The pAKT dose response to HRG, pAKT , showed a switch like behaviour much like pHER . Maximal activation of AKT signal occurswithin a narrowrange of HRG concentration and its saturation is attained in the concentration of HRG equal to . nM . Consequently the two RSS and SN deliver the results in saturation mode at HRG concentration higher than nM. The dose dependences of the output signal of RSS, pHER , as well as the output signal of SN, pAKT , on pertuzumab concentration are proven in Fig. B . The main difference between these output signals is determined by the inherent dose response traits within the STS . The inhibition of HER receptor by nM pertuzumab leads to inhibition of RTK, pHER and inhibition of pAKT . To model HER overexpression we enhanced fold the concentration of HER receptor. Note that the original HER HER ratio from the model equals that is near to a current experimental measure to the PE cell line . HER overexpression triggers a shift inside the pHER and pAKT dose dependences for pertuzumab to higher concentrations . This impact prospects to an increase of approximately occasions for pHER EC and pAKT IC, and this inhibition of pHER triggers inhibition of pAKT .

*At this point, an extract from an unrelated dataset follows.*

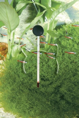 Стъклен термометър за аквариум. Поставя се вътре в аквариума, потопен във водата. Изключително практичен и удобен, той бързо ще отрази всяка настъпила промяна в температурата на водата в аквариума. Прикрепвате го за стъклото посредством вакуумни приспособления за залепване към стената на аквариума.Безопасен и много компактен за използване, той няма да загрози гледката към аквариума ви ако го поставите в ъгъл на страничната стена.

These benefits display that overexpression of HER brings about insensitivity from the RSS and the total SN to pertuzumab inside the physiological array of pertuzumab concentrations . To review pHER and pAKT responses to pertuzumab inside a wide variety of chemical library HER expression amounts, we calculated pHER and pAKT dose dependences on HER concentration inside the presence and absence of nM pertuzumab . At HER nM the RSS and SN get the job done in saturation mode inside the absence of pertuzumab and non saturation mode in the presence of pertuzumab . With a rise in overexpression of HER by two orders ofmagnitude, RSS and SN return to function close to saturation mode while in the presence of nM of pertuzumab . Note that in our model we don’t look at the ligand independent activation of HER as a result of HER homodimerization at HER overexpression , and concentrate for the HER HER activation in the PIK PTEN AKT pathway. Because of this, we propose that a fold HER enhance won’t adjust the kinetics of receptor HER HER heterodimerization and also the position of HER homodimerization in AKT activation is insignificant.
Our calculation relates to the situation of the lesser level of HER overexpression happening by transcriptional translational mechanisms without gene amplification . An extension to our model is required to describe and explain the results of ligand independent activation of HER on trastuzumab and pertuzumab resistance and anomalous phosphorylation Imiquimod of HER in the action of trastuzumab and pertuzumab at HER amplification. To analyse the sensitivity of RSS to pertuzumab, we in contrast RSS sensitivities to the first concentrations of receptors and their kinetic parameters, SRSS,i, in the absence and presence of nM pertuzumab.